When Half-Blood Prince conjured up $934 million globally, Potter overtook James Bond as the most lucrative franchise in film history. The movie also had some of the series’ most memorable moments, including Harry and Ginny Weasley’s first kiss…
BONNIE WRIGHT, Ginny Weasley: It was a little weird. It’s hard to kiss someone you’ve known for that long, and also on top of that in front of all the cast and crew. But, you know, that’s a scene that a lot of people were looking forward to, and we’re both actors. I think it went well!
…the death of Dumbledore…
EVANNA LYNCH, Luna Lovegood: It was a night scene, and they can be quite exciting to shoot because you’re up really late. Everyone was just not sad. David Yates was getting quite agitated. He had to remind us, “Dumbledore’s dying!” I think they had to put CGI tears in. I remember seeing that scene [in the theater] and thinking, “I didn’t actually cry!”
…and the burning of Hagrid’s hut by the evil Bellatrix Lestrange.
BONHAM CARTER The potency that I felt! Usually you feel like a d—head when you’re waving a wand around. I found it very funny that before walking off set, you were always asked by the prop man to relinquish your wand, as if it did work. Like, has anyone told him it’s actually just a stick?
PART III – Harry’s Final Adventures
When Harry Potter and the Deathly Hallows — Part 2 opens on July 15, it will represent the end of a decade long cinematic adventure that is unparalleled — in scale or success — in Hollywood history.
WARWICK DAVIS, Professor Flitwick & Griphook: When we started the first film with the kids, I could basically look them in the eyes. Now they tower above me.
McCRORY: My favorite moment was when we were just about to do one of the great big [finale] scenes. Tom Felton was sort of psyching himself up for his big moment. I said to him, “Are you all right?” He said, “Oh, yeah. I’ve waited for this moment my whole life.” And I looked at him and realized he wasn’t f**ing about. He’s been playing this part since he was a little boy, and now he’s a young man. Of course he’s been waiting for it his entire life!

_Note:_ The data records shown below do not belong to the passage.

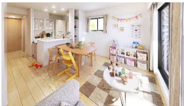
内観イメージ(間取り:2階2LDK+S) ※調度品・小物・チャイルドフェンスは含まれません

キッチンを中心とした間取りになっており、リビングから洋室までを見渡すことができるため、小さなお子様を見守りながら安心して料理することが可能です。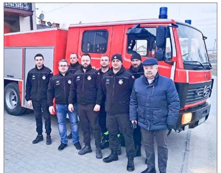
Auto z Nagoszyna teraz służy strażakom w Korzeniowie.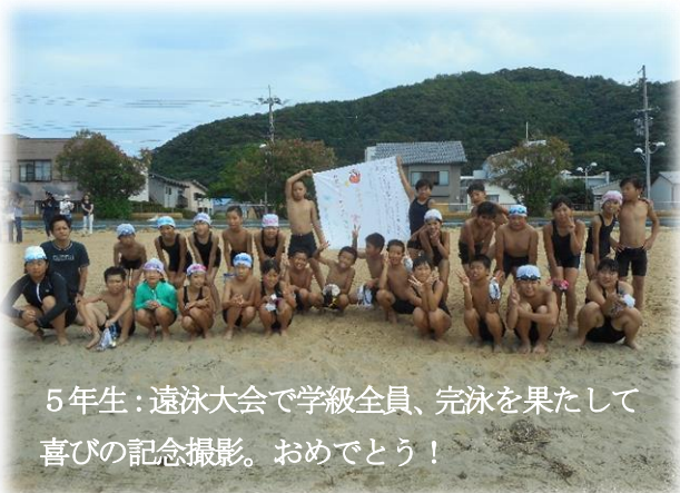
5年生：遠泳大会で学級全員、完泳を果たして喜びの記念撮影。おめでとう！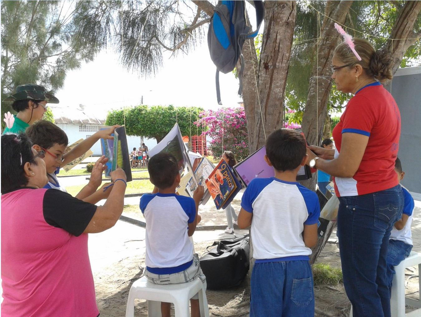
Atividade na Praça Ruth Passarinho

*Ação adotada pela Biblioteca Municipal em parceria com as escolas.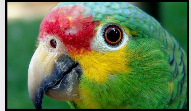
Amazona autumnalis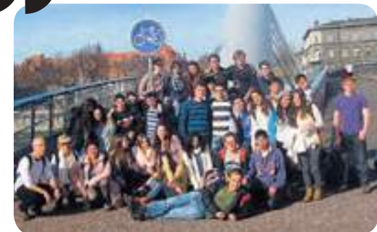
בקרוב ליד הוויסלה. כיתות י"ב

נסענו לעיירת הנופש קז'ימיש דולני. המעברים החדים היו קשים, כי המחשבות התרוצצו והשאלות נותרו פתוחות, אבל היה גם משחרר להרגיש שאפשר גם לאכול גלידה עם חברים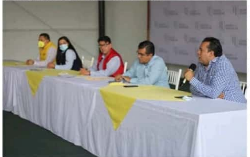
El grupo jurídico del Equipo por Michoacán denunció falta de claridad por parte de los representantes legales de Morena ante votación atípica en elección a Gobernador.

ciento de los sufragios y al contendiente más cercano con cero por ciento de votación, corresponde a que, en varias comunidades indígenas, no se permitió la instalación de las mismas, a lo que el Equipo por Michoacán aseguró, son argumentos por demás inverosímiles que denotan completa ignorancia de la situación.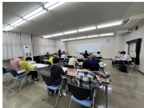
令和6年度定期総会

承認頂いた運営委員23名と事業計画に基づき、今年度のONスポーツクラブを運営してまいります。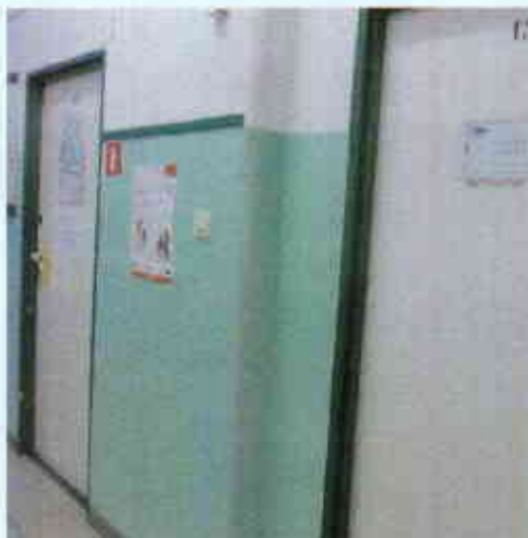
Przykład narożnika do wyrównania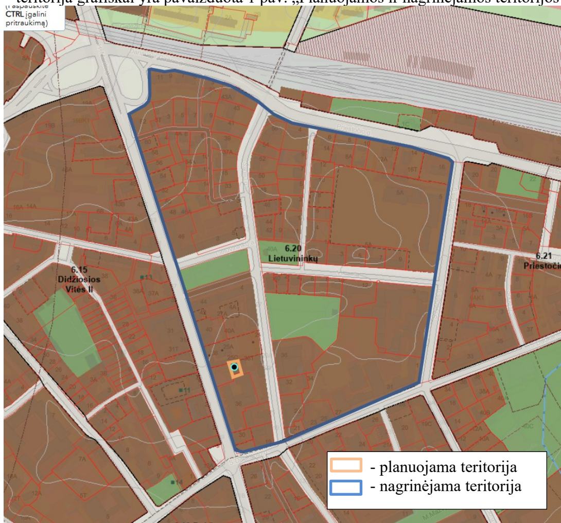
1 pav. Planuojamos ir nagrinėjamos teritorijos schema

3. Nagrinėjama (numatomų sprendinių įtaką patirianti) teritorija: vadovaujantis Klaipėdos miesto bendroju planu, patvirtintu Klaipėdos miesto savivaldybės tarybos 2021 m. rugsėjo 30 d. sprendimu Nr. T2-191 „Dėl Klaipėdos miesto bendrojo plano keitimo patvirtinimo“, apima 6.20 Lietuvininkų ribas. Bendrojo plano sprendiniai yra paspaudus šią nuorodą: https://www.klaipeda.lt/lt/savivaldybe/administracija/miesto-bendrasis-planas/218 . Nagrinėjama teritorija grafiškai yra pavaizduota 1 pav. „Planuojamos ir nagrinėjamos teritorijos schema“.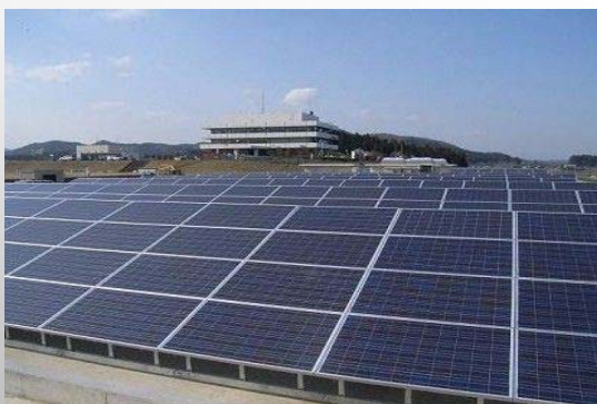
松田新田浄水場の太陽光発電設備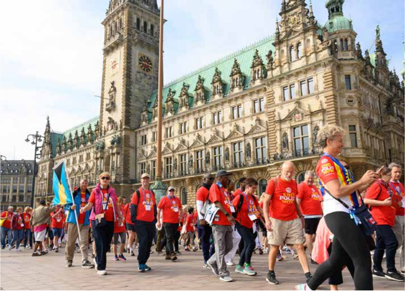
Konvansiyon ile beraber, Hamburg şehrinde Rotary'nin ve programlarının da tanıtımı yapıldı. Resimde Hamburg Belediyesi önünde "Çocuk Felcine Son" tişörtleri giymiş olan Rotaryenlerin geçit töreni görülüyor.

U luslararası Rotary'nin bir döneminin zirvesi olarak kabul edilen Konvansiyon, 1-5 Haziran tarihleri arasında Almanya'nın Kuzey'indeki liman kenti Hamburg'da yapıldı. Konvansiyona ilgi büyüktü. Uzun bir dönem için büyük olasılıkla Avrupa Kıtasında yapılan ender konvansiyonlardan olması ve kolay ulaşılabilecek bir coğrafyada bulunması sebebi ile, Avrupa'daki benzer organi-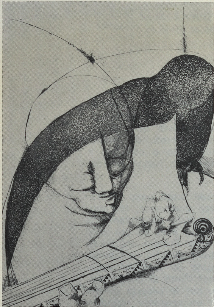
Musica - 1/30 acquaforte acquatinta 1972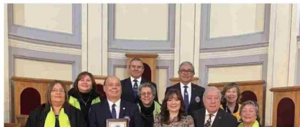
La Iglesia de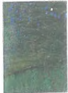
7. Na výhledu část parku bude zajištěna kolářská stezka a příjezd vozů s osobními vozidly.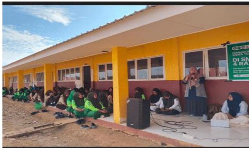
Gambar 10. Pemaparan Materi PKM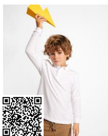
CARPE CHILD PO5008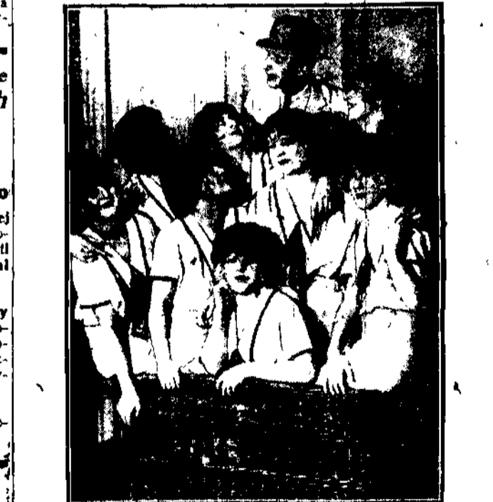
Do Wiednia zawitała w ostatnich dniach grupa rozkosznych i s. „Jackson-girls” występujących w śmiesznych i oryginalnych ewolucjach tanecznych.

The film’s cast and crew all bade farewell to Hogwarts in their own way.
WATSON: In the middle of shooting Deathly Hallows, I went out to dinner with Bonnie Wright, and we started talking about how we really needed to do something to mark the end of this important part of our lives…. And then I had the thought of cutting my hair. That felt like an appropriate way of saying goodbye to Hermione.
LEWIS: On my last day of shooting, everyone had gone off the set except David [Yates], Tom, Emma, and me. David just went, “You know you lot are gonna need each other in a few years’ time.” And I said, “Yeah, I know what you mean.”
THEWLIS: If anything goes wrong with my career, I can always take a job on a [Harry Potter] float in Orlando. That’s my contingency plan.
McCRORY: As far as people being sad it’s over, I don’t know. We’re British. Any violent show of emotion is looked down upon. [Laughs] Nothing a good pint and a slap on the back doesn’t communicate!
RADCLIFFE: Every opportunity I will get to the day I die will be traceable to the fact I was cast as Harry Potter in 2000. These movies have given me enough memories to last 10,000 years.